Review of Pusher

Pusher (1996)
7/10
No glamor. Just the reality.
2 April 2010
Nicolas Winding Refn modernized the crime film genre with his Pusher trilogy. Thinking about that and the era he made the first part makes you probably think of another crime film modernizer of the 90's, Quentin Tarantino. He made something totally new in the United States with three crime films: Reservoir Dogs (1992), Pulp Fiction (1994) and Jackie Brown (1997). People often see Tarantino as one of the most important directors in the crime genre, because he influenced it a lot. In the same way Nicolas Winding Refn made something completely original. He made Pusher. A movie about a drug-dealer who gets into a debt swirl. The way Refn shows the lives of the criminals is harsh. It's different from other 90's crime films, because it doesn't show any glamor in the underworld life. No one has got expensive cars, all of them live in their cruddy apartments, they aren't that rich and they all are under the control of their addiction to drugs.
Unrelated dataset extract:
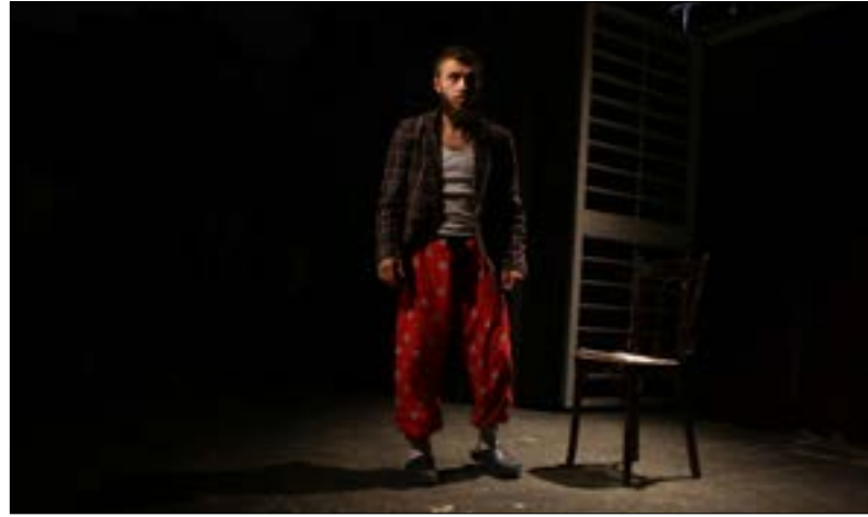
من فيلم «السجناء الأزرق» الذي يُعرض ضمن مسابقة Final Cut

Pusher is about a drug-dealer, Frank (Kim Bodnia) whose life isn't pretty. His only relationships are with his friend Tonny (Mads Mikkelsen) and with his "girlfriend" Vic (Laura Drasbæk). When a Serbian drug-courier comes to Copenhagen and Frank fails to deliver money to him, he gets into a debt swirl.

Frank is portrayed as an ordinary guy, who is a juvenile child under his hard shelf. He even goes to get money from his mother when he needs to pay his debts. All the conversations he has with his friend Tonny are about blow jobs, strippers and prostitutes. The dialog is sharp and it's well made to feel like common everyday chat.

The film is very fast-paced and it's colored with some aggressive punk music, which I enjoyed a lot. It added a great element to Frank's life full of loneliness and despair. Pusher is a great description of the underworld in Copenhagen, Denmark. It's excessive realism and doesn't add any glamor to the lives of the junkies. It deals with the problems that are out there and with us every day, no matter where you live.